There were changes to dwarf2_physname() around July 1, 2011, which
cause it to return a different value.  Arguably, the changes make
the function work better, returning the linkage name for a symbol where
it previously returned the source name.  But since the source name
is overwritten by the linkage name in the symbol entry, gdb's
behavior is different, and, IMO, incorrect.

Here is the test case:

$ cat t.c
extern int foo(void) asm ("xfoo");

int foo(void) {}

int main (void)
{
   foo ();
}

$ gdb-before a.out
...
(gdb) b foo
Breakpoint 1 at ...

$ gdb-after a.out
...
(gdb) b foo
Make breakpoint pending on future shared library load? (y or [n])? n
(gdb) b xfoo
Breakpoint 1 at ...

The symbol "foo" is no longer present in gdb symbol table
so trying to use the name specified in the source fails.
Before the change, breakpoint, backtrace, and other commands
display the symbol name as in the source (and in the DWARF DIE).
After the change, the linkage name is displayed instead of the
source name.

Before the change, dwarf2_physname() calls dwarf2_compute_name()
which returns the symbol name if the language is not C++, Java,
or Fortran, even if the DIE has a DW_AT_linkage_name attribute.
After the change, dwarf2_physname() returns the DW_AT_linkage_name.
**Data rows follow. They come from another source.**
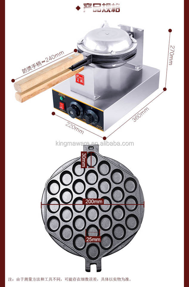FY-6 Electric Stainless Steel Commercial Nonstick Bubble Waffle Maker Iron Creates Bubble Shaped Waffles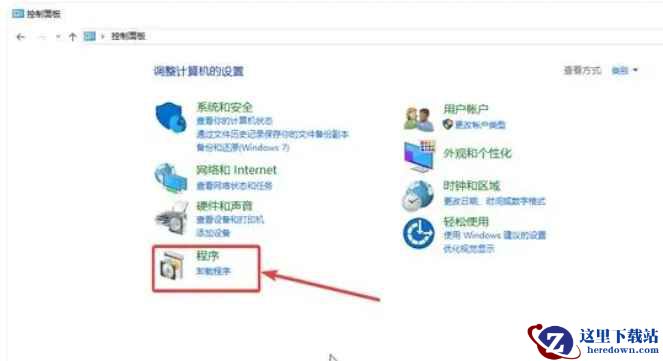 2、进入控制面板界面后,点击“程序”,选择“卸载程序”选项。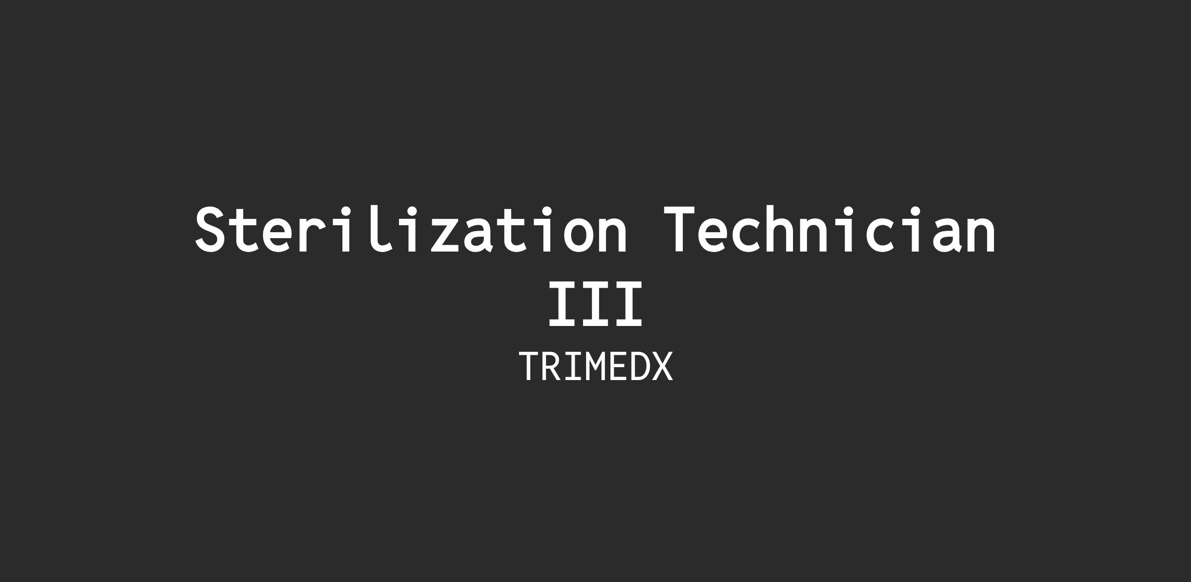 The Sterilization Technician III installs, inspects, troubleshoots, repairs, calibrates, and verifies the performance of complex sterilization and decontamination equipment and systems, with minimal supervision. The Sterilization Technician III ensures regulatory compliance, assists in inventory management, and may serve as an advisor to other TriMedx personnel on technical matters concerning specialty equipment. The individual demonstrates adherence to the TriMedx core values in all professional interactions by showing respect to all people, creating real value, initiating meaningful change, and exhibiting integrity.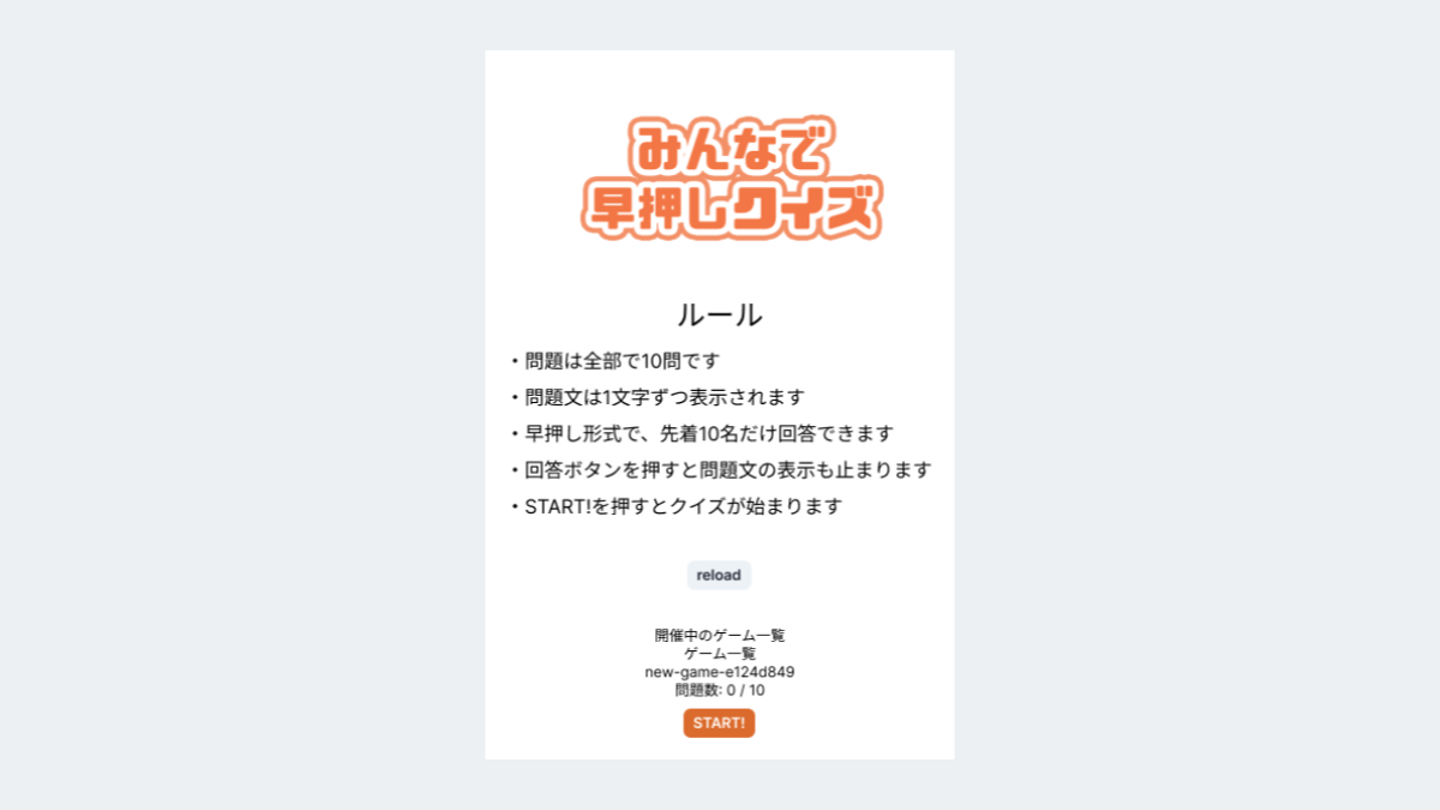 平良の好きな言葉、好きな食べ物など、正直どうでもいいクイズをリアルタイムで生成し、解答の正答率を競うという、視聴者参加型のデモンストレーションを行うようです。アクセス過多への対策として、同時に10名しかアクセスできないなど、妙に可用性に気を配られた設計がされています。ここはさすがテックリードの開発といったところでしょうか。普段の苦労が垣間見えます。

Since gdb doesn't keep both the source name and the linkage
name in the symbol table (a design flaw, IMO) what is the
right way to get the previous behavior, where gdb recognizes
the symbol names from the source file?

-- 
Michael Eager	 eager@eagercon.com
1960 Park Blvd., Palo Alto, CA 94306  650-325-8077

^ permalink raw reply	[flat|nested] 4+ messages in thread

* Re: Regression handling linkage vs source name
  2012-02-22  0:41 Regression handling linkage vs source name Michael Eager
@ 2012-02-22 16:40 ` Doug Evans
  2012-02-22 19:27   ` Michael Eager
  0 siblings, 1 reply; 4+ messages in thread
From: Doug Evans @ 2012-02-22 16:40 UTC (permalink / raw)
  To: Michael Eager; +Cc: gdb, Jan Kratochvil

On Tue, Feb 21, 2012 at 4:41 PM, Michael Eager <eager@eagercon.com> wrote:
> There were changes to dwarf2_physname() around July 1, 2011, which
> cause it to return a different value.  Arguably, the changes make
> the function work better, returning the linkage name for a symbol where
> it previously returned the source name.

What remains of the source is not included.